Megan McArdle takes a look a at Administration optimism over the the enrollment data with a gimlet eye:
. . .It is true that the number of young adults enrolled in the program is rising. But eyeballing the graph, I don't see the ratio of young enrollees to overall enrollment rising at all -- if anything, it seems to fall very slightly between the end of Week 9 and Week 13. (There are no numbers to go with the charts, so it’s hard to be entirely sure.)

Of course, the ratio is mostly what we’re worried about, not the number; getting an extra 100,000 young people to sign up while you get an extra 500,000 old people doesn’t improve the stability of the insurance markets -- it makes them more unstable.

Of course, we still have the Massachusetts experience. But the more I think on that, the less confident I am. The chart I swiped from Jonathan Cohn for yesterday’s post shows a positive trend -- but it’s only for Commonwealth Care, the subsidized program, not the overall market. And Massachusetts didn’t, as far as I am aware, have the same rash of mass cancellations, so they only had one enrollment spike, not two, as Garance Franke-Ruta showed in October.
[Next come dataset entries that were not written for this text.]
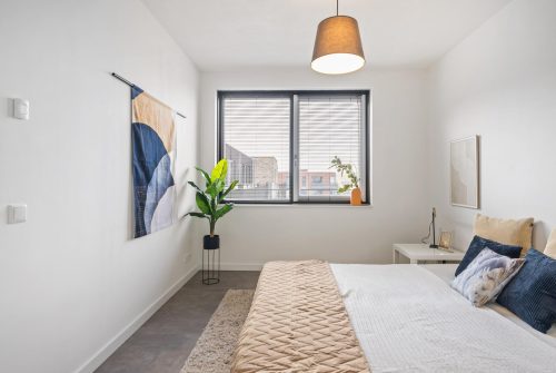 Vanuit de hal heb je toegang tot de moderne badkamer, die voorzien is van een ruime inloopdouche, een stijlvol badkamermeubel, een elektrische radiator, mechanische ventilatie en vloerverwarming. De vloer is afgewerkt met een lichtgrijze tegel, de wanden zijn geheel betegeld. De hoofdslaapkamer bevindt zich aan de achterzijde van het appartement en biedt met zijn royale afmetingen veel comfort. De tweede slaapkamer is veelzijdig te gebruiken: ideaal als logeerkamer, walk-in closet, thuiskantoor of hobbyruimte.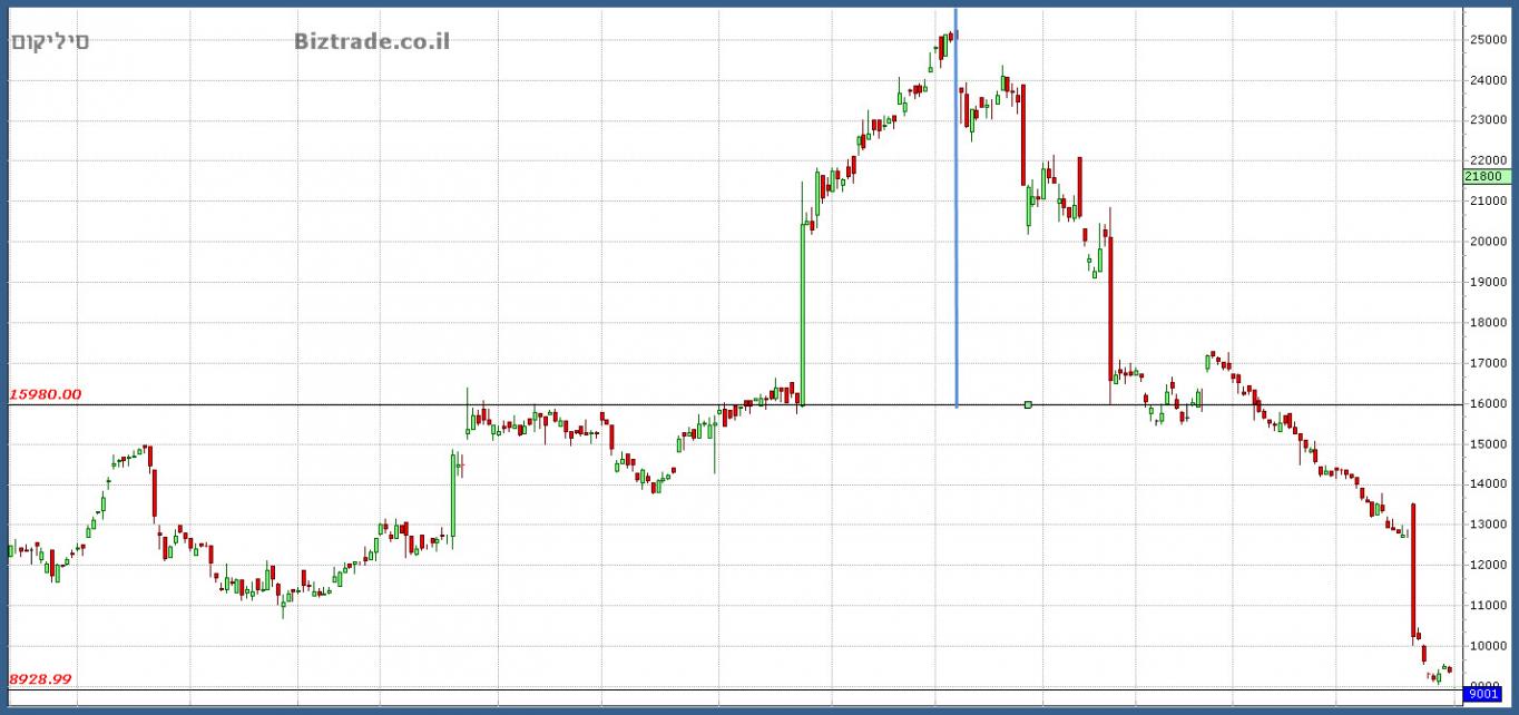ואתמול המחיר ממשיך לרדת לקרבת ה 8000 , והיום שובר אותו , ומגיע לסגירה ב 7785 .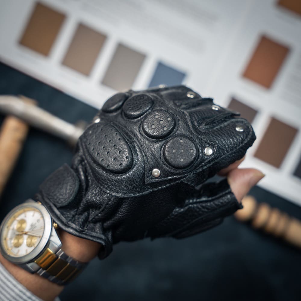 Trang chủ Găng tay da thật Găng tay Biker da cừu hở ngón GBK01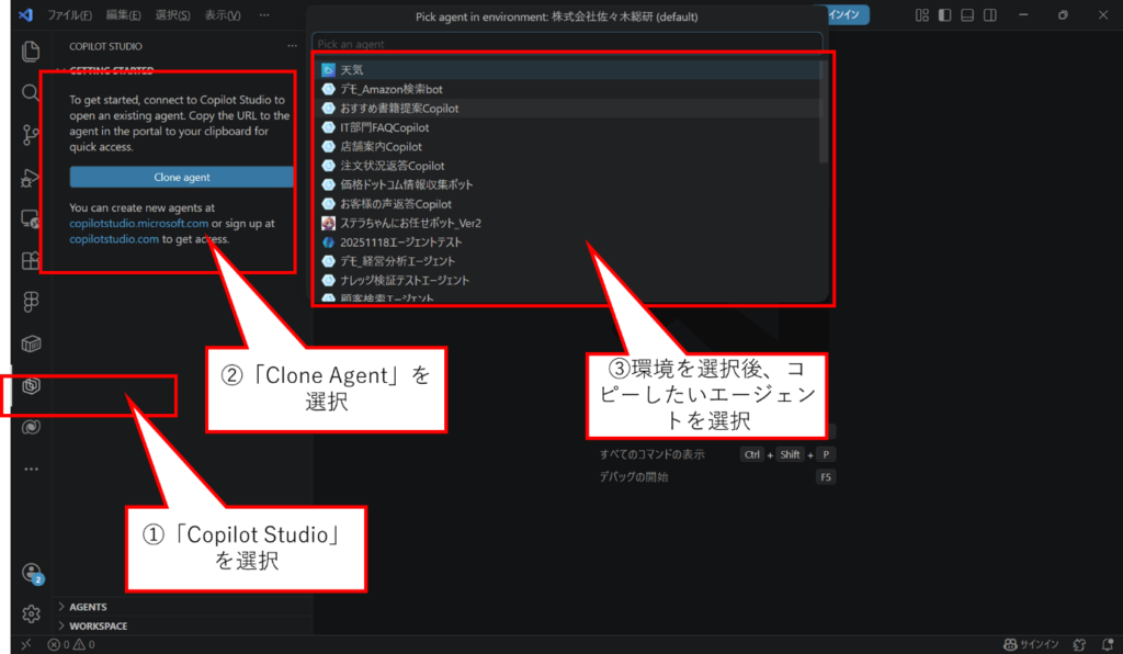 この操作により、Copilot Studio のエージェントをローカル環境にコピーできます。 - 環境を選択後コピーしたいエージェントを選択し、任意のフォルダに保存します。

We’re in uncharted territory here. The numbers we have probably aren’t very good guides to the future. But that shouldn’t necessarily make us more confident.
And Mickey Kaus takes on the Washington Post's Wonkblogs assertion the that risk of a "Death Spiral" has passed:
Wonkblog‘s Primal Urge to Reassure Wins Out: In point 4 of his 11 point “Wonkblog” (Headline: “The death of Obamacare’s death spiral”) WaPo‘s Ezra Klein assures his readers:

“The risk of a ‘death spiral‘ is over."

That’s because–he argues–even if the exchanges miss their targets for enrolling young people, it doesn’t matter that much in terms of premium increases.
But then in point 7 of his 11 point blog Klein says:
“‘The health mix of ACA enrollment is much more important than the age mix,’ writes [Larry] Levitt. ‘So far, we’re using age as a stand-in for health. But if all the young people signing up are sick, then the models break down.’"
Right. So if the exchanges miss their health targets–as opposed to their age targets–the risk pool might be so bad insurers would have to raise rates, making it even more difficult to sign up healthy people (“the models break down”). That’s the death spiral. It’s not at all implausible that the sickest young people are signing up and sicker old people are signing up.

Since we don’t know the healthy vs. sick ratio** of those who’ve signed up for Obamacare, the “risk of a ‘death spiral’” is not over.  Point 7 vitiates point 4.